To me, the very fact that selective journals are less easily sustainable than journals that publish lots of papers raises questions about why selective journals need to exist at all in their present form. As we all know, linking or highlighting and explaining papers that a certain group of people considers notable can be done even without publishing the papers themselves. Judging the (de)merits of this approach is a different discussion altogether…
(for those whose interest in this issue is at an almost unhealthy, masochistic level, more thoughts at http://floatingnotes.tumblr.com/tagged/publishing/ )
To echo other people, thanks for a very levelheaded post, John.
I completely agree with you that PLoS’s inability to reach overall breakeven is no cause for shame or even concern. Like most start-ups, it’s taking a few years to get to that point.
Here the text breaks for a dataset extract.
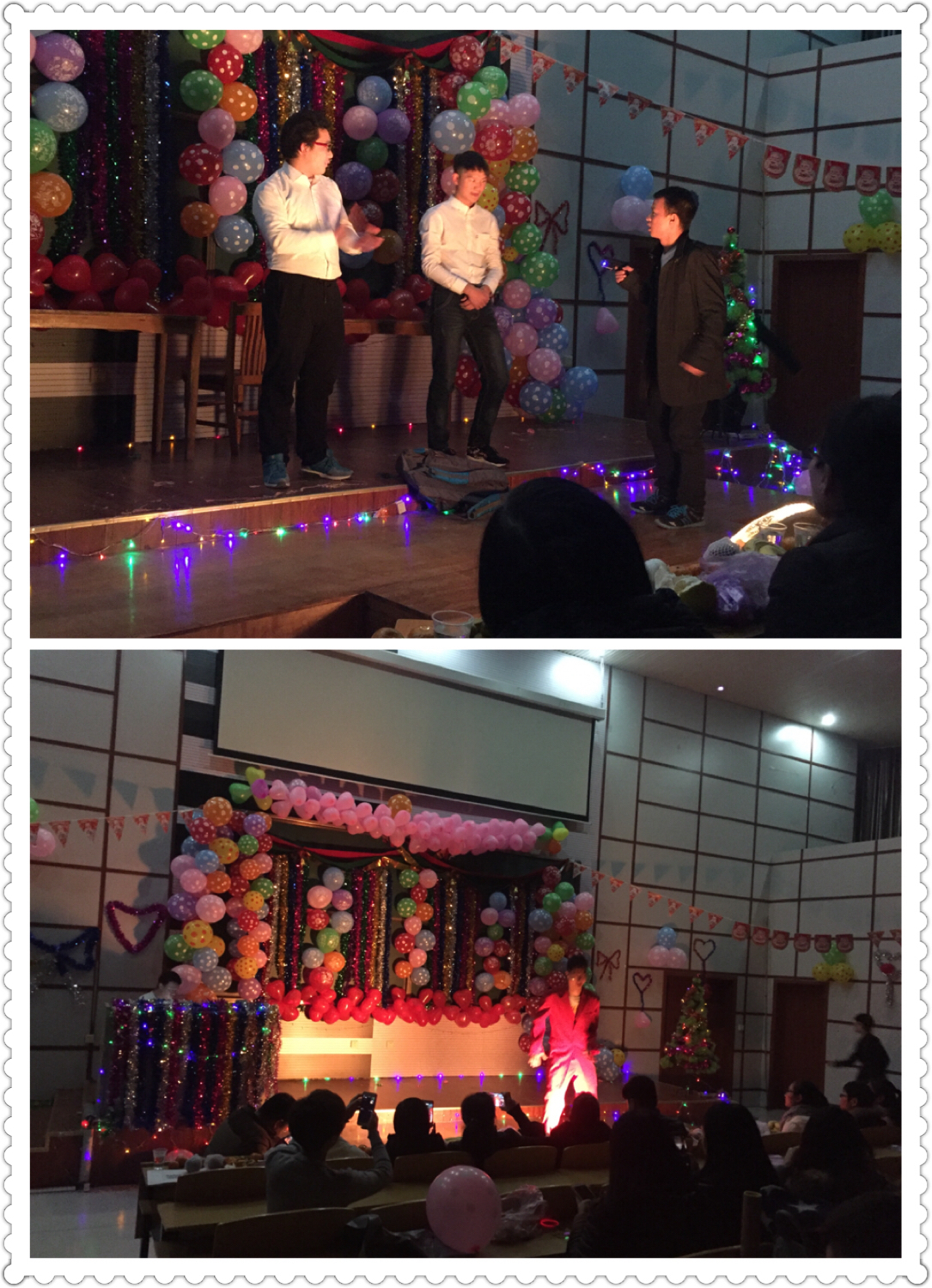 在活动开始的前几个小时,信息工程系北大青鸟大家庭的所有成员积极踊跃对现场进行着精心的布置,使现场充满浓郁的圣诞氛围和温馨浪漫的感觉,活动的开始是由北大青鸟大家庭的班委们的跳的“咋了爸爸”拉开的序幕,紧接着就是曾经风靡全球,低调奢华的“小苹果”!大家都随着节奏感,打着拍子,欣赏着那活力四射的舞姿,感受着广场舞的风情,特别是那小品演员,一上场就赢得了最热烈的掌声,除此之外,还有两个女生的喊麦,表演者们带来的独舞,独唱,和群舞。活动的进行过程中更是跌宕起伏,歌曲动感舞蹈等等。中间还穿插着主持人搞笑的对白,将现场的氛围推向高潮。此外在场观看晚会的时候主办方还派礼仪小组发送小礼品、各种糖果给大家,来传达圣诞节的祝福。在晚会的最后一首诗朗诵,为晚会拉下了帷幕,晚会结束后大家纷纷拍照留念,事后对会场进行了卫生清理。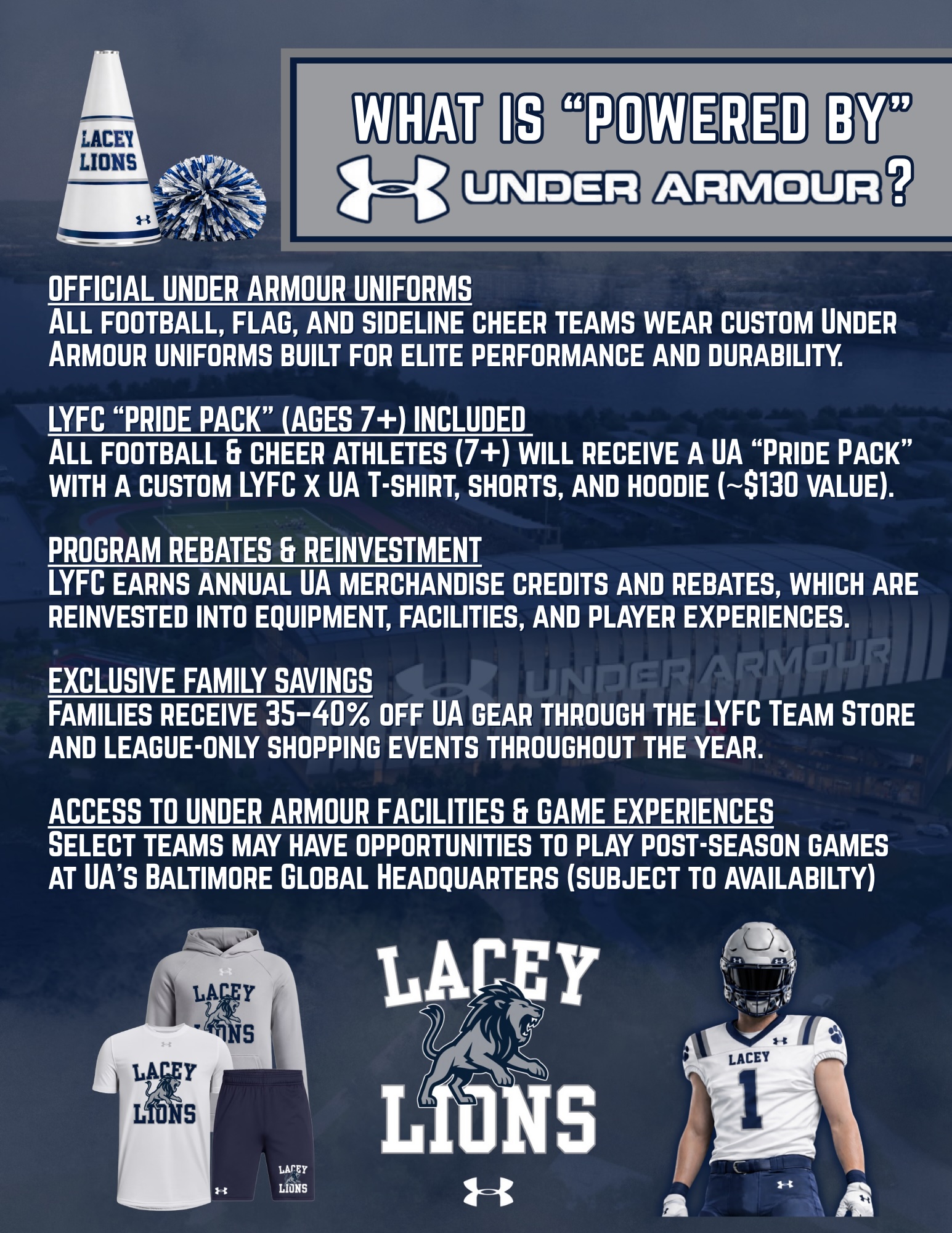 Copyright © 2026 Lacey American Youth Football  |  Privacy Statement |  Terms Of Use |  License Agreement |  Children's Privacy Policy |

You’re also correct that many of NPG’s activities, not least Nature Network, fall into the same category.
What I’m worried about is that an apparently permanent situation is developing in which PLoS’s high-end journals are subsidised by charitable funding or proceeds from its low-end journals. I think this works against PLoS’s own aims, namely to create new publishing models that others will adopt. To its credit, PLoS has provided one option for authors who wish to publish in a high-end open-access journal where none previously existed. Unfortunately in the current situation that’s all there’s ever likely to be: one option. I wish we could be encouraging, instead of discouraging, others to develop.
“…an apparently permanent situation is developing…”. I have no idea where this notion of permanence is coming from. Can someone explain how can gradual move towards sustainability be understood as “permanently unsustainable”?
“…I completely agree with you that PLoS’s inability to reach overall breakeven is no cause for shame or even concern. …”
I am concerned.
I recently started wondering what happens when the money flow stops and Plos can’t afford to be in ‘business’ any more.
Do the servers get wiped?
All publications go into the recycle bin?
This is not just a concern for Plos, but for all electronic only journals. At least with journals that make a hardcopy you know the articles will remain in some libraries. What happens to electronic journals such as Plos?